A more space saving methodology and one that would match the python implementation would be to store the table as a list of boxed strings. That way the sizes of the rows in the Parquet file can vary and the size is preserved with no padding.
Here is the code that will perform this type of access but it seems that Arrow should have some way of doing this without the use of the whilst loop to step through each row and box the string.
readbChunks=: {{
'chunkedArrayPt'=. y
nChunks=. ret@garrow_chunked_array_get_n_chunks < chunkedArrayPt
arrayPts=. readChunk each <"1 (<chunkedArrayPt),.(<"0 i. nChunks)
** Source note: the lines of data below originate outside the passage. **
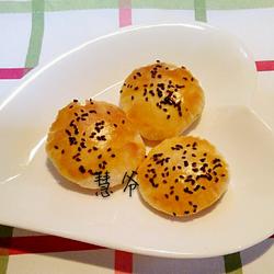 9. Line a baking sheet with oiled paper, and roll the sugar-wrapped dough into a 0.2 cm shape.Place the round cake on a baking sheet, brush with egg wash and sprinkle with black sesame seeds.
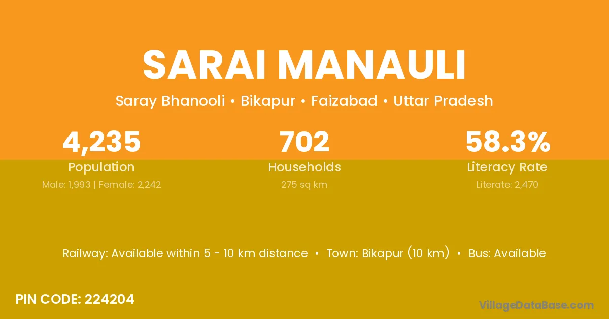 Bikapur (10 km) is the nearest town to Sarai Manauli village for major economic activities and is located approximately 10 km away.
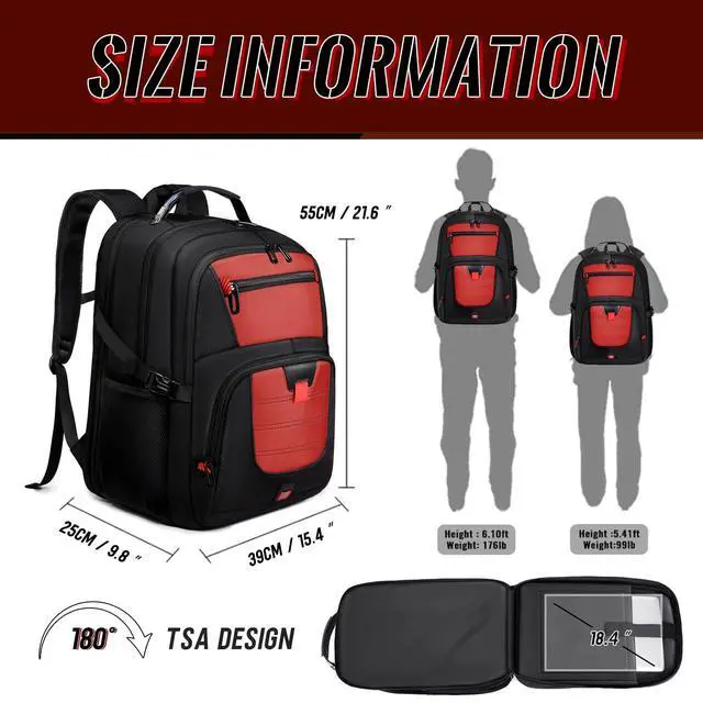 INCH LAPTOP COMPATIBILITY & PROTECTION: Engineered for oversized tech, this pack features a massive compartment that fits 18.4" gaming laptops like Alienware and MSI. The internal vault is fortified with 360 high-density foam padding and a "Suspended Cradle" system that prevents your device from hitting the ground. It is the ultimate insurance for keeping your expensive hardware safe from drops, shocks, and scratches during every commute and travel. ^^ 55-60L EXTRA LARGE CAPACITY & MODULAR ORGANIZATION: Boasting a staggering 55-60L of storage, this rucksack is a true "travel trunk" on your back. It features 20+ specialized pockets and 3 main compartments to hold a weeks worth of clothes, keyboards, VR headsets, and textbooks simultaneously. The deep, wide-body design ensures bulky items fit without straining seams. Whether you are a digital nomad or a student with a heavy load, this bag provides the space you need. ^^ TSA FRIENDLY DESIGN & SEAMLESS AIR TRAVEL: Navigate airport checkpoints like a pro with our 180 lay-flat TSA design. This oversized pack opens quickly for X-ray scanning, allowing you to keep your 18.4" -19" laptop inside. Dimensions are optimized as a carry-on for most international flights. The heavy-duty luggage sleeve allows you to slide the pack over suitcase handles, transforming a heavy load into a balanced, hands-free travel experience across global terminals and commute stations. ^^ ADVANCED TECH HUB & ERGONOMIC WEIGHT DISTRIBUTION: Stay connected with integrated USB-C and USB-A charging ports for high-speed power pass-through. Weve engineered an elite ergonomic system featuring multi-panel airflow padding and S-shaped reinforced straps. The adjustable chest strap and load-lifting buckles distribute weight across your torso, preventing back strain and ensuring "zero-gravity" comfort even when fully loaded with tech gear and travel essentials.
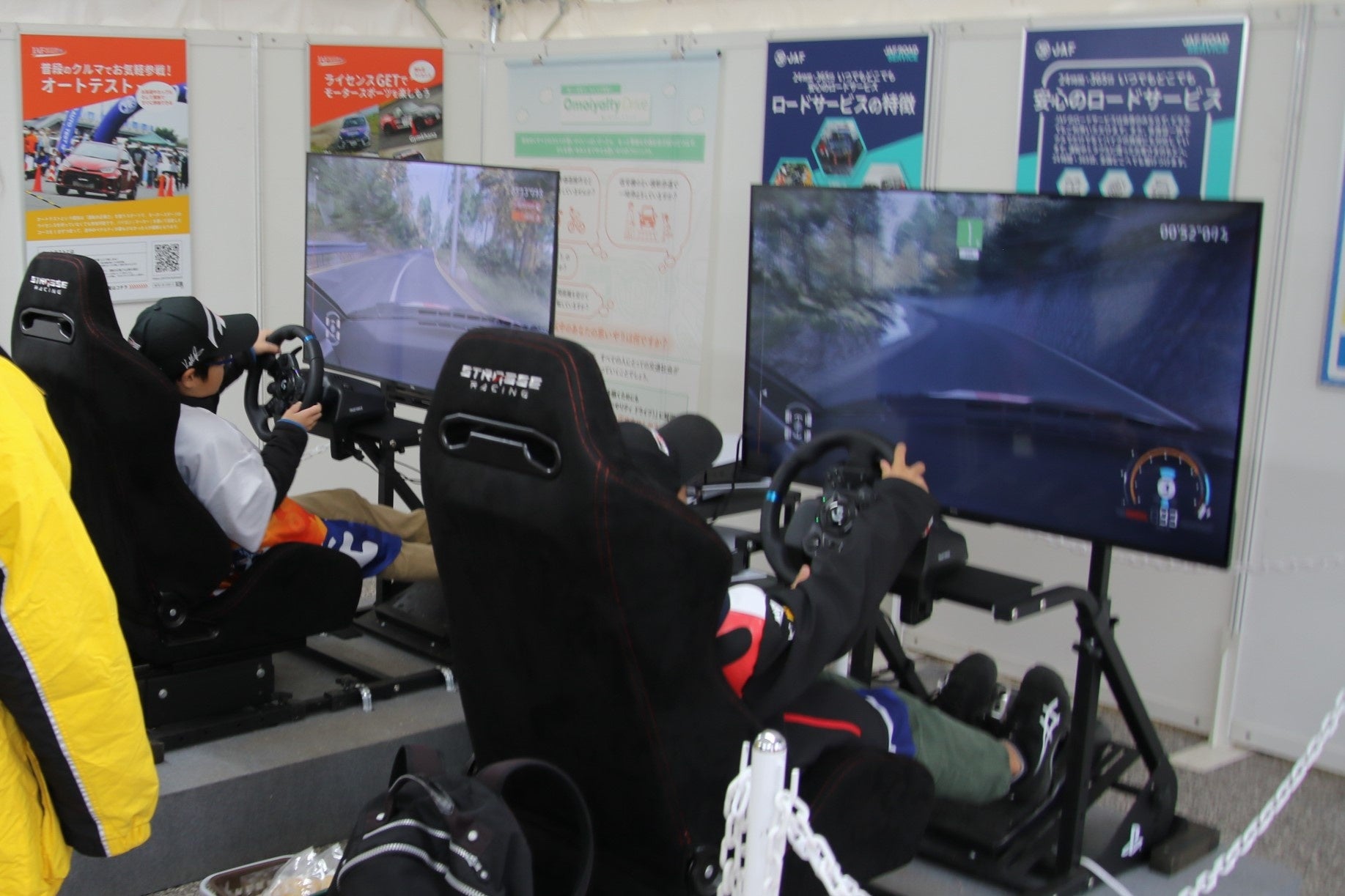 JAFブースではレーシングシミュレーターをはじめ、大人から子どもまで楽しめるさまざまな体験型コンテンツを準備しています。

NB. res=. readArray each arrayPts
for_i. arrayPts do.
aLen=. readArrayLength >i
j=. 0
res=. <''
whilst. j < aLen do.
res=. res, <readArrayRows i,<j
j=.j+1
end.
end.
removeObject each arrayPts
}. res
}}"0
readbData=: {{
'tablePt'=. y
ncols=. tableNCols tablePt
chunkedArrayPts=. ptr"1 garrow_table_get_column_data tablePt ;"0 i. ncols
res=. ,. readbChunks chunkedArrayPts
removeObject"0 chunkedArrayPts
res
}}
readbTable=: {{
'tablePt'=. y
(,@readTableNames ,: readbData) tablePt
}}
readbFileTable=: {{readbTable@u ] filepath =. y}}
readbParquetTable=: (readParquet readbFileTable)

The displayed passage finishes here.